The clearest example is Mount Fuji. Last summer, the approach road to the Yoshida Trail, the mountain's most popular climbing route, was closed to hikers who had not paid a 2,000 yen (roughly £10) access fee and shown proof of reservation at a designated rest point. The measure targeted a specific behaviour: midnight climbers who would time their ascent to reach the summit at dawn, overwhelming the crater with thousands of people simultaneously.
The results were striking. The number of people attempting the summit via Yoshida dropped by around 40% compared to the same period in the previous year. Litter decreased measurably. The crater area — which had been described by the mountain's own rangers as increasingly degraded — showed early signs of recovery. Local accommodation providers reported higher average spending per visitor even as total visitor numbers fell.
Fuji is a microcosm of a broader policy shift. Tokyo, Kyoto and Osaka have all raised or introduced tourist taxes in the past 18 months. Kyoto has gone furthest, implementing a tiered hotel tax that reaches 10,000 yen per night for the city's most expensive traditional inns, with proceeds ringfenced for cultural heritage maintenance.

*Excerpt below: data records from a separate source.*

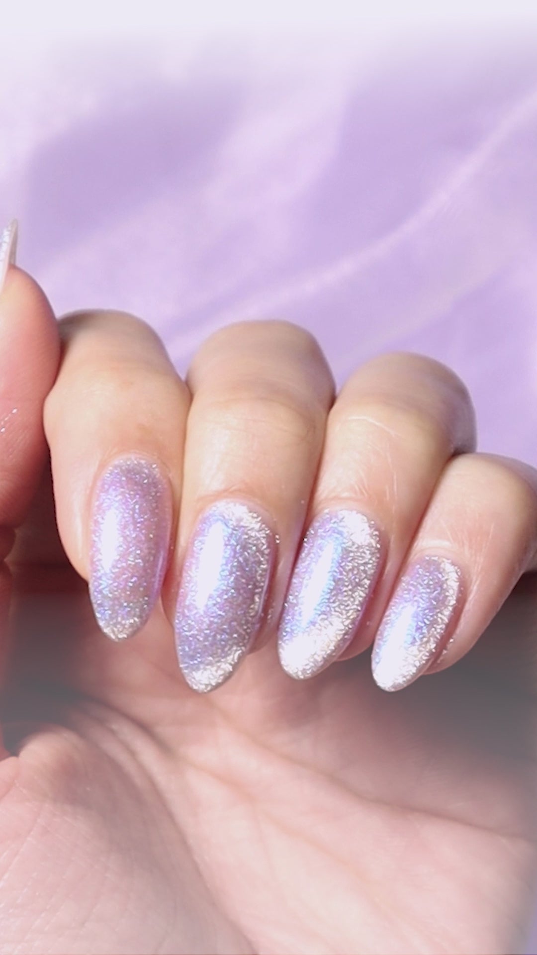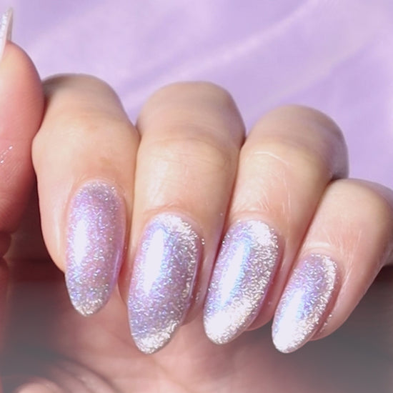 The shade “Lavender Magnet / Stardust Blink” sparkles like the gentle twinkle of stars in the night sky. Its soft transparency and delicate lavender hue bring a romantic glow to your fingertips. ✨💜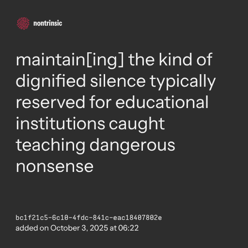 partagermaintain[ing] the kind of dignified silence typically reserved for educational institutions caught teaching dangerous nonsense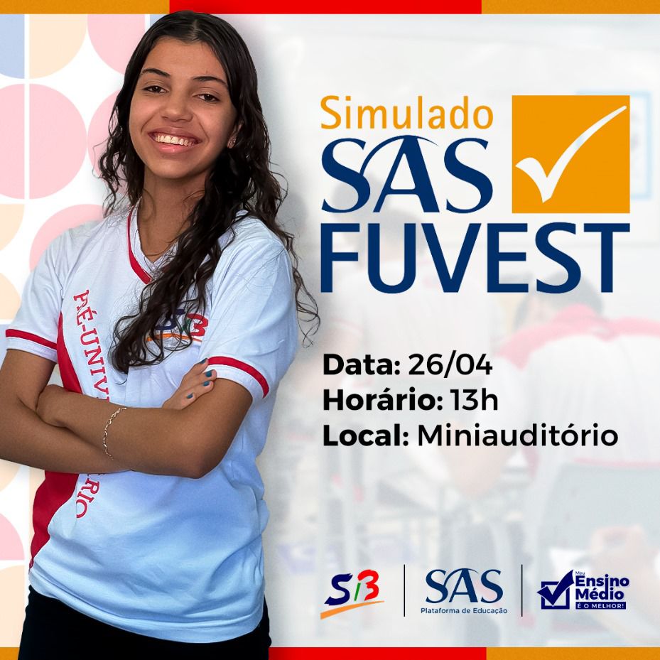 ✅ A 1ª fase do Simulado SAS FUVEST será composta por 90 questões objetivas e versará sobre o conjunto das disciplinas do núcleo comum obrigatório do Ensino Médio: Português, História, Geografia, Matemática, Física, Química, Biologia e Inglês e, também, questões interdisciplinares.

The political economy is unusual. Japan's tourism industry, traditionally a powerful lobby against any measure that might suppress visitor numbers, has largely supported the changes. The argument is simple: a smaller number of higher-spending visitors is better for revenue, better for residents and better for the sites themselves than unconstrained volume.
For travellers, the practical implication is that planning ahead has become more important. Spontaneous visits to Japan's most iconic sites are increasingly difficult. The tradeoff, for those willing to book in advance and pay the levies, is an experience that is measurably less crowded than it was five years ago.